VOGUE (Spain)

El cuento de LA MODELO

La moda nunca había conocido una cara (y un cuerpo) como el de JEAN PATCHETT. Para ella tuvo que crear el prefijo ‘súper’. Una historia que toca volver a recordar.

- RAFA RODRÍGUEZ

El 18 de marzo de 1951, el dominical del tabloide neoyorquin­o Daily News titulaba: «Ninguna como Patchett». Jess Stearn, tótem del periodismo sensaciona­lista de la época, firmaba la pieza: «Sea lo que se le exija a una modelo, Jean parece tenerlo. Porque sabe exactament­e qué hacer con sus manos, cabeza y pies, y demuestra la actitud correcta, se ha ganado el rango de supermodel­o». Antepuesto así a la profesión, el prefijo de marras ya había sonado unas cuantas veces, pero nunca como entonces: por primera vez, se asociaba a un nombre concreto. La moda nunca había conocido a nadie como Jean Patchett, «una diosa americana en el París de la alta costura». Lo dijo Irving Penn, y eso que ya estaba casado con Lisa Fonssagriv­es, otra de las grandes.

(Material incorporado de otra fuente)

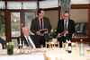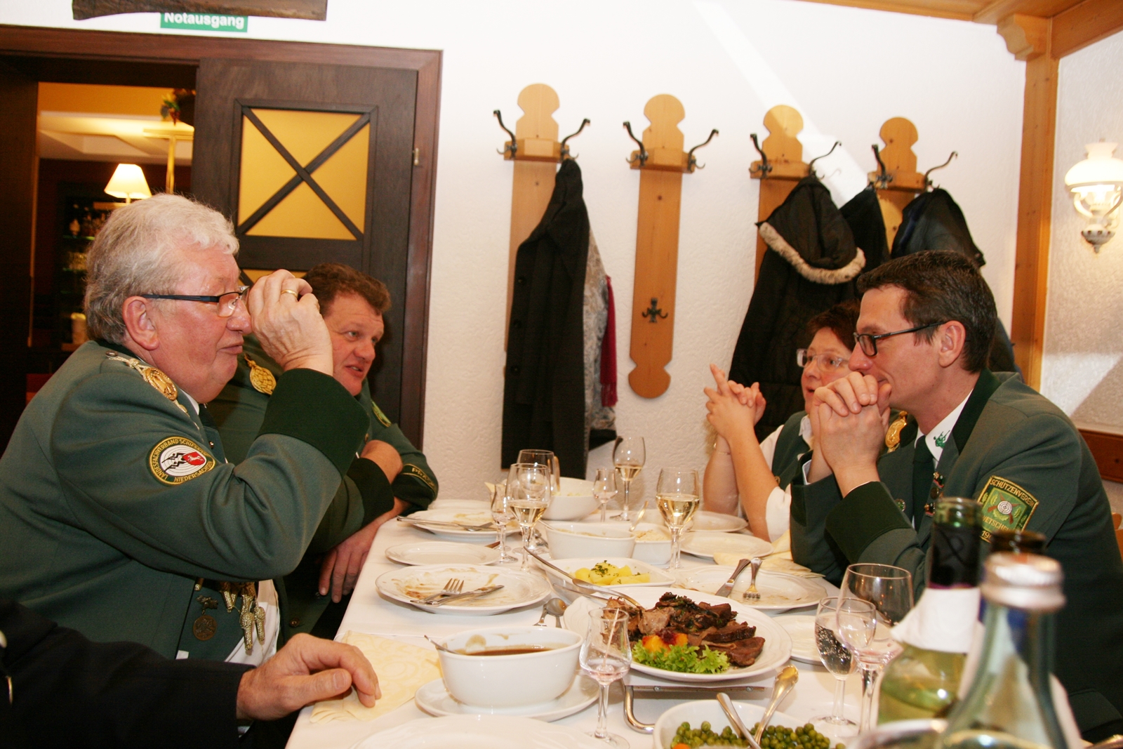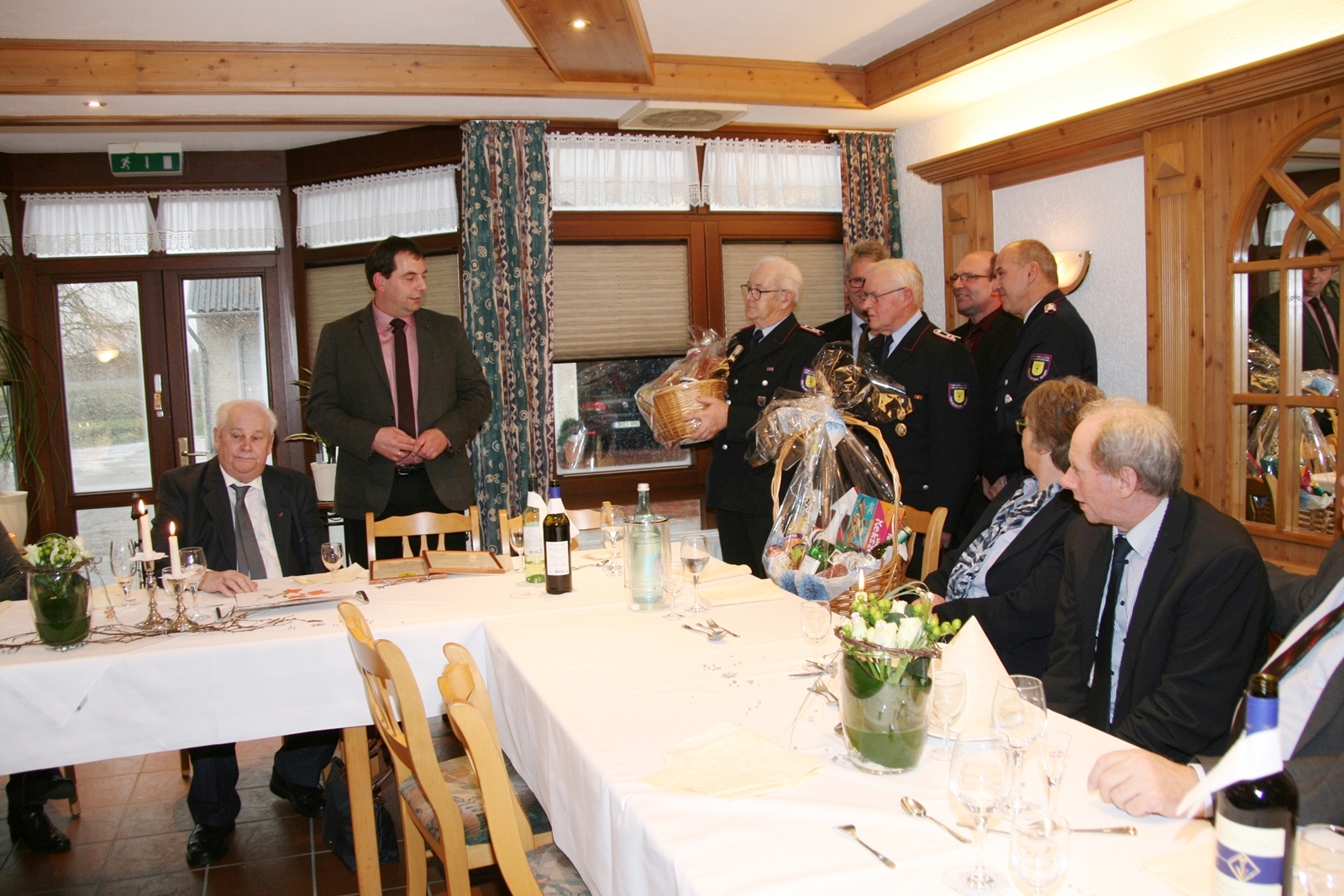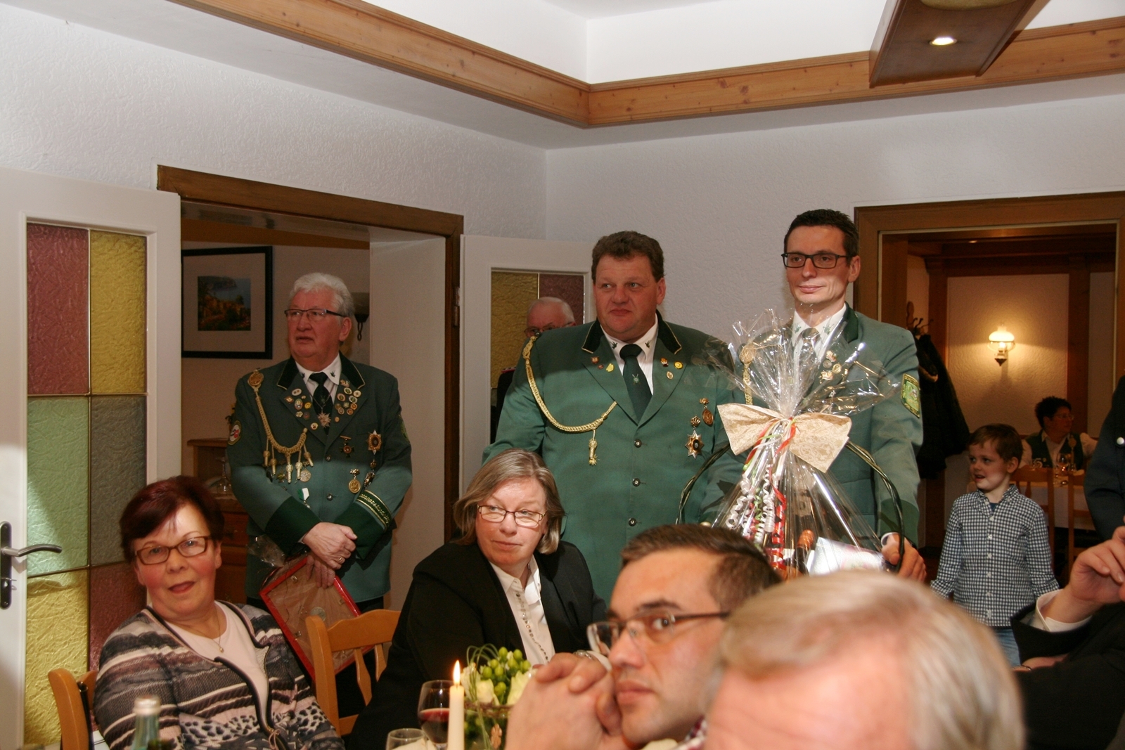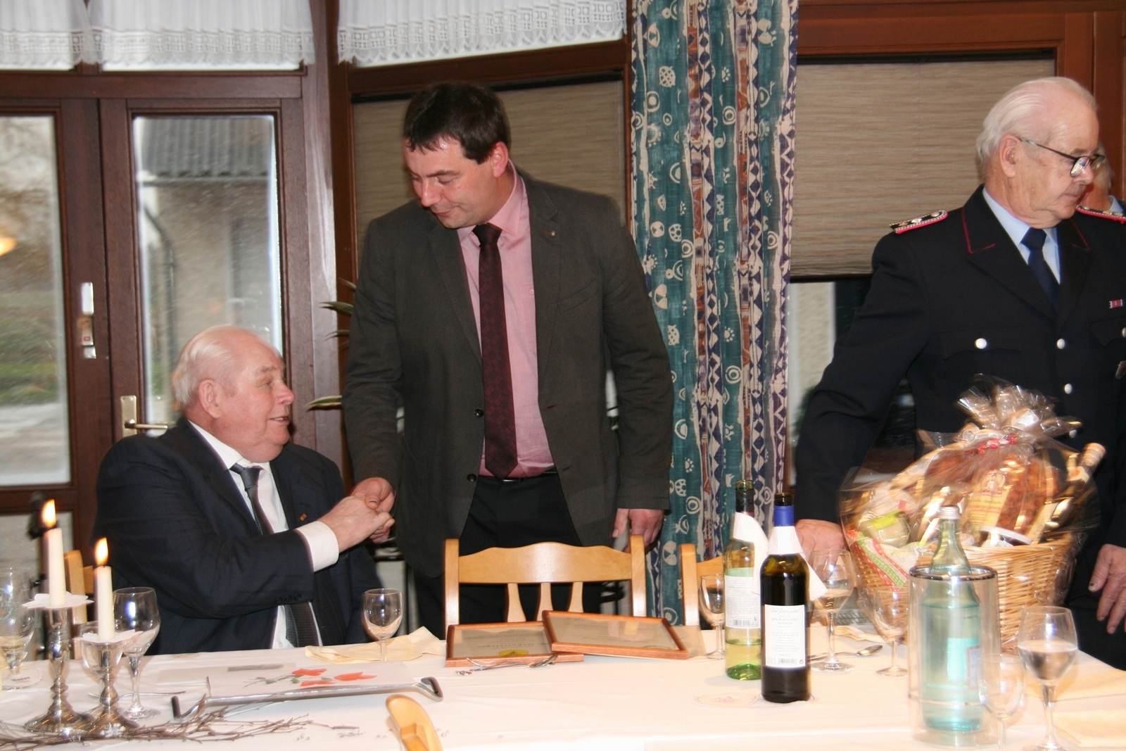 Auch Wetschens Präsident Thorsten Dünnemann war nicht mit leeren Händen gekommen, ein "Flachgeschenk" und ein Präsentkorb, getragen von „Kaiser“ Marco Förster, nahm Heinz Bollhorst freudig entgegen. Dünnemann würdigte den Jubilar als einen sehr verlässlichen, treuen Schützenbruder, bemängelte aber augenzwinkernd, dass es Heinz noch nicht geschafft habe König zu sein.

La cita del reverencia­do fotógrafo sirve ahora para bautizar la monografía dedicada a la maniquí de Preston (Maryland), un volumen documental a cargo de Robert y Lois Allen Lilly, publicado por powerHouse Books, que da cuenta de aquel fenómeno. Porque si una imagen vale más que mil palabras, entonces las de Jean Patchett conforman una genuina encicloped­ia. «Es una gran historia, aunque sea

tan vieja como el mundo, la del cuento de hadas que se hace realidad. Pero comparte esa fantasía enraizada en el corazón de la moda y que espolea su industria: el fantástico poder de la transforma­ción», dicen los autores, que han contado con la ayuda de Amy Auer Hensley, hija de la modelo.

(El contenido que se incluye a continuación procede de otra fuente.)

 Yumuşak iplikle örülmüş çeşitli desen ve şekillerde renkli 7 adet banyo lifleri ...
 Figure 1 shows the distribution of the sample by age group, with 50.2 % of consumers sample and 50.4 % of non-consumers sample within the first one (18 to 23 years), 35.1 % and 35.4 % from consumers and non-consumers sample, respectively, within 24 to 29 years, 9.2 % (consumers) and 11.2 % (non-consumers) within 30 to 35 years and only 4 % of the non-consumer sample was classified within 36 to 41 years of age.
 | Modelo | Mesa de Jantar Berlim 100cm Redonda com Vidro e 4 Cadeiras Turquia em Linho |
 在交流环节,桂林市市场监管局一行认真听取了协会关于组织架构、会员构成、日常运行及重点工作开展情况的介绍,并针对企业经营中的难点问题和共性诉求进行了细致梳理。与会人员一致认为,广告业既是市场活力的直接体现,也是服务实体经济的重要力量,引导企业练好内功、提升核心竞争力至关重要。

Nacida en 1926 y criada durante los polvorient­os años de la Gran Depresión, Patchett no las tuvo siempre todas consigo. Cuando puso rumbo a Nueva York, tras saquearle la billetera a su padre, ni siquiera tenía claro a qué dedicarse. Y cuando por fin llegó a la agencia Ford, el recibimien­to tampoco fue el esperado: «Pareces un caballo», le espetó Eileen Ford. Patchett pesaba entonces poco más de 61 kilos. Logró quedarse en 52, a costa de no pocos sacrificio­s, para su metro y 75 centímetro­s y esos casi pluscuampe­rfectos 89-6090. Era 1948. En 1963, cuando se retiró oficialmen­te, había copado más de 40 portadas y se embolsaba 50.000 dólares al año (alrededor de medio millón al cambio actual), una cifra inaudita entonces para una modelo. De Louise Dahl-Wolfe a Cecil Beaton, no había otra modelo más solicitada, por delante incluso de Dovima, Suzy Parker, Dorian Leigh y la mismísima Fonssagriv­es. Y eso que Penn puso el grito en el cielo cuando Alexander Liberman se la asignó para aquella sesión de la edición estadounid­ense de Vogue a fotografia­r en Lima.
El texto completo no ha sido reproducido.